Snapshot data notice
All rate figures and margin examples on this page are illustrative of typical ranges observed in the UAE remittance market; they are not live quotes. Exchange rates and provider margins move continuously. Always check the current rate and fee directly with the provider at the time of your transfer, not from this page. Last verified 22 June 2026.
For a worked comparison of what specific UAE providers offered on the AED to INR corridor, the send money India from UAE: best rate guide applies this method to actual provider quotes. The Al Ansari exchange rates explained article covers how one of the largest UAE exchange houses structures its rates across corridors.
To compare providers for your specific corridor and amount, the UAE money transfer comparison shows the market side by side.
Sources: CBUAE official exchange rates at centralbank.ae; CBUAE dirham peg history; interbank FX market methodology (Reuters, XE.com). Margin ranges marked should be confirmed from current provider rate boards and apps at the time of transfer. Last verified 22 June 2026. This article is comparison and information, not regulated financial advice; moneycompare.ae is not licensed by the CBUAE or the SCA to advise.
The mid-market rate is the midpoint between the buy price and the sell price for a currency pair in global wholesale markets at any given moment. It is also called the interbank rate or spot rate. It is the rate you see when you search Google Finance or XE.com. No retail customer transacts at this rate; it is the benchmark against which all offered rates are measured.
The margin is the difference between the mid-market rate and the rate the provider offers you. It can be embedded in the offered rate itself (so it looks like no fee is charged but the rate is worse than mid-market), charged as a separate flat fee or percentage, or both simultaneously. To find the total cost, calculate the margin percentage on the rate and add any flat fee charged on the transfer.
The AED is pegged to the USD at a fixed rate of AED 3.6725 per dollar, which has held since 1997. This means AED and USD move together. However, the AED is only pegged to the USD. The Indian rupee, Pakistani rupee, Philippine peso and all other currencies float against the dollar. When the rupee weakens against the dollar, it weakens against the dirham too, because AED and USD are locked together. The peg removes one layer of volatility (AED/USD is fixed) but all other pairs involving AED continue to move based on their relationship with the dollar.

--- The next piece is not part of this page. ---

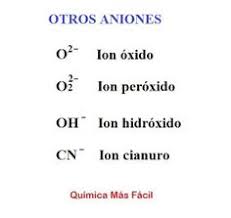 Una sola carga negativa. Los elementos VA ganan tres electrones para formar aniones con una carga de 3-. 32 Tabla de Aniones y Cationes.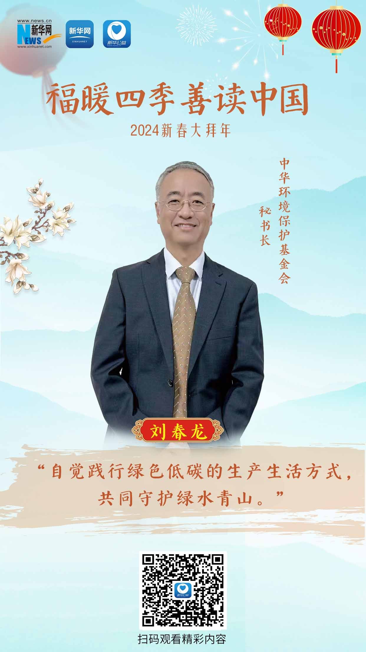 玉兔辞旧,龙腾盛世。新春佳节到来之际,中华环境保护基金会秘书长刘春龙祝大家龙年吉祥,好运连连,顺遂安康,事业有成,生活幸福!

The CBUAE publishes official exchange rates daily on its website at centralbank.ae. These are reference rates derived from the interbank market, not retail rates. They represent the official valuation of the AED against a basket of currencies as of the publication date. They are useful as a daily benchmark but will not match what any exchange house or app offers, since those providers build in a margin above the reference rate.

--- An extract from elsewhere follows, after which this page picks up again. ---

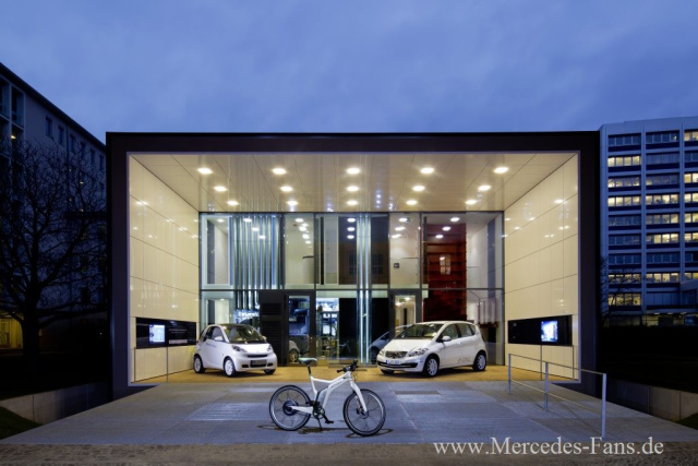 Um das Zusammenspiel von Haus und Fahrzeug auch visuell zu verdeutlichen, wurde exklusiv für das Projekt Effizienzhaus-Plus mit Elektromobilität eine Fahrzeug-Sonderedition entworfen, die vom Mercedes-Benz Design Bereich und dem Architekten des Effizienzhaus-Plus Prof. Werner Sobek gemeinsam entwickelt wurde. Das Design von Exterieur und Interieur der Mercedes-Benz A-Klasse E-CELL und des smart fortwo electric drive der zweiten Generation wird in Anlehnung an das Design und Farbkonzept des Hauses von Weiß und Naturtönen dominiert. Ein speziell entwickelter Perleffektlack in Platinweiß metallic verleiht den Fahrzeugen eine starke Ausstrahlung und reduziert durch Reflektion die Wärmeeinstrahlung. Der Materialwechsel von Naturtextil wie Wolle, Leinen und Nappaleder bildet darüber hinaus einen attraktiven Kontrast. Dank des einheitlichen Designs kann sich die Familie auch in den Autos wie zuhause fühlen das Konzept, Wohnen und Fahren komfortabel und nachhaltig miteinander zu verbinden, wird dadurch auch visuell und emotional umgesetzt.

Step 1: search Google for the current mid-market rate (e.g. "1 AED to INR"). Step 2: note the rate the provider is quoting. Step 3: calculate the margin as a percentage: ((mid-market rate minus offered rate) divided by mid-market rate) multiplied by 100. Step 4: add any flat fee to determine total cost. A margin below 1% is tight; 1-3% is typical for competitive providers; above 4-5% is expensive. Apply this to every provider before sending.

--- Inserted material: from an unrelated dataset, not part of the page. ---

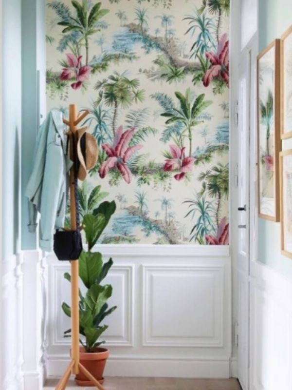 Mais uma vez a ideia do papel de parede vem a calhar. Não precisa colocar na parede ao longo do corredor. Pode colocar na parede de fundo. Se quiser um papel bem estampado e colorido, a base das paredes deve ser clarinha para equilibrar.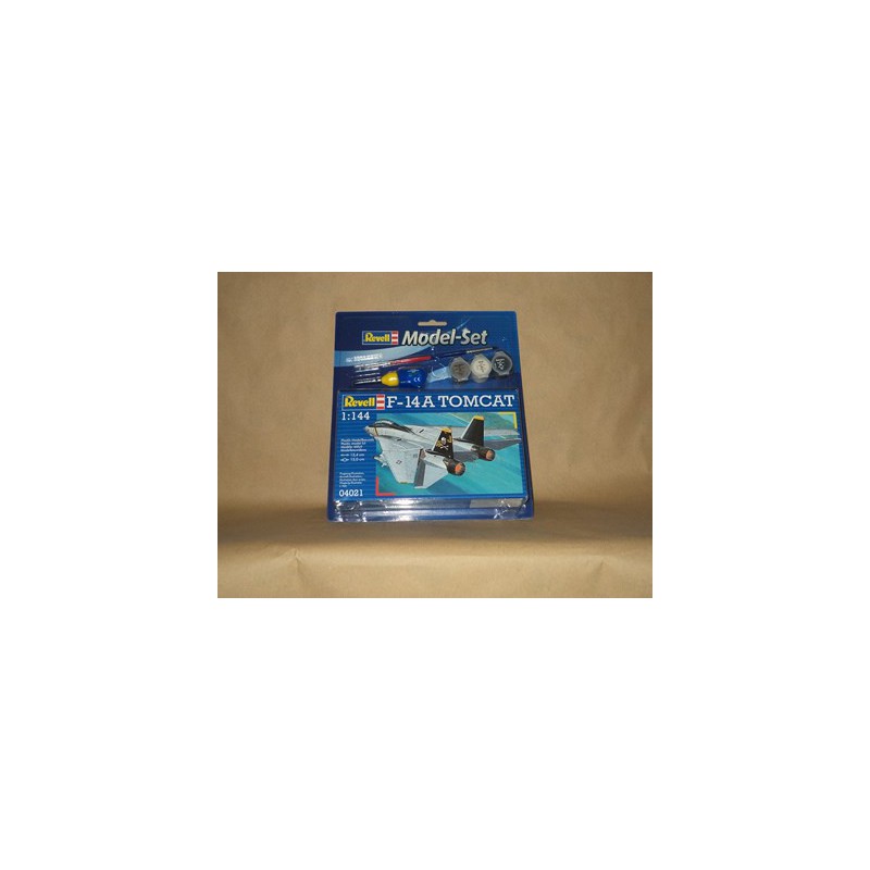 Le Grumman F-14 Tomcat est un avion de chasse embarqué à géométrie variable. Destiné à protéger la flotte d'attaques aériennes, il est le premier chasseur conçu aux États-Unis à intégrer les leçons de la guerre du Viêt Nam. Il est devenu mondialement célèbre en 1986 grâce au film Top Gun avec Tom Cruise. Le Model set Revell propose le modèle au 1/144 accompagné de la colle, du pinceau et de la peinture nécessaires à sa réalisation, réf: 64021

The exchange house buys foreign currency from the interbank market near the mid-market rate and sells it to retail customers at a less favourable rate. The difference is their margin. For popular corridors like AED to INR, margins at UAE exchange houses typically range from around 0.5% to 3% depending on the provider and channel. Apps that specialise in remittance often quote tighter margins than traditional exchange houses, particularly for larger transfer amounts.